Two families of status codes appear for WebSocket deployments:

* **HTTP status codes** for connections that failed before the WebSocket upgrade completed.
* **WebSocket close codes** for connections that completed the upgrade and later closed.

#### HTTP status codes

| Code  | Label           | What it means                                                                                                                          |
| ----- | --------------- | -------------------------------------------------------------------------------------------------------------------------------------- |
| `408` | Request timeout | The WebSocket upgrade request timed out before a replica accepted it.                                                                  |
| `504` | Gateway timeout | No replica became available in time. Typically indicates a cold start that exceeded the configured timeout, or a saturated deployment. |

#### WebSocket close codes

[RFC 6455](https://datatracker.ietf.org/doc/html/rfc6455#section-7.4) defines the full set of WebSocket close codes. The Metrics page surfaces this subset:

| Code   | Label                       | What it means                                                                                           |
| ------ | --------------------------- | ------------------------------------------------------------------------------------------------------- |
| `1000` | Normal closure              | Either side closed the connection cleanly. This is normal, expected traffic.                            |
| `1001` | Going away                  | One side is going away, for example a replica restarting or a browser navigating away.                  |
| `1002` | Protocol error              | One side sent a frame that violates the WebSocket protocol.                                             |
| `1003` | Unsupported data            | One side received a frame type it cannot accept, for example binary data on a text-only endpoint.       |
| `1005` | No status received          | The connection closed without a status code. Reserved and not sent on the wire.                         |
| `1006` | Abnormal closure            | The connection dropped without a close frame. Usually caused by a network failure or a replica crash.   |
| `1007` | Invalid frame payload data  | A message payload was inconsistent with its declared type, for example non-UTF-8 bytes in a text frame. |
| `1008` | Policy violation            | One side closed the connection for a policy reason it did not want to publish.                          |
| `1009` | Message too big             | A message exceeded the 100 MiB per-message limit. See [Maximum message size](#maximum-message-size).    |
| `1010` | Mandatory extension missing | The client expected a WebSocket extension that the server did not negotiate.                            |
| `1011` | Internal error              | The server side hit an unexpected error that forced the connection to close.
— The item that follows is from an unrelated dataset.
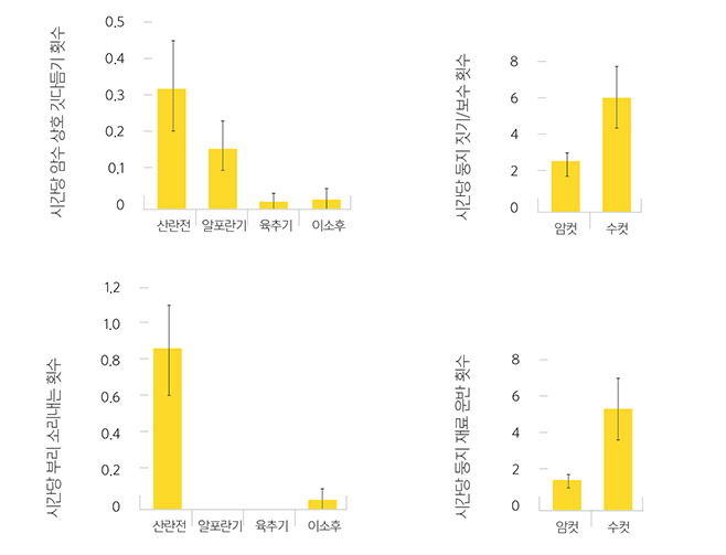 번식시기 별 황새의 행동 특성 변화. 산란 전에 암수는 상호 깃 다듬기 행동과 부리소리내기를 통해 짝 유대성을 강화한다(Yoon et al., 2015). 암컷과 수컷간 둥지 짓기나 보수에 쏟는 힘이 다르게 나타난다(Yoon et al., 2015).

Check your model logs.     |
| `1012` | Service restart             | The replica is restarting.                                                                              |
| `1013` | Try again later             | The replica is temporarily overloaded.                                                                  |
| `1014` | Bad gateway                 | An upstream gateway returned an invalid response.                                                       |
| `1015` | TLS handshake failure       | Reserved and not sent on the wire.                                                                      |

For the full specification, see [CloseEvent codes on MDN](https://developer.mozilla.org/en-US/docs/Web/API/CloseEvent/code).

<Note>
  The Metrics page filters out codes that don't help with debugging model behavior, such as rate-limit responses and connections that never reached a terminal state. Grafana and other lower-level tools might show these codes anyway.
</Note>

### End-to-end connection duration

Duration is measured from when the connection opens to when it closes, and published after the connection ends. Reported at p50, p90, p95, and p99.

### Connection input and output size

Cumulative bytes transferred over the connection's lifetime, reported at p50, p90, p95, and p99:

* **Connection input size:** Bytes sent by the client to the server.
* **Connection output size:** Bytes sent by the server to the client.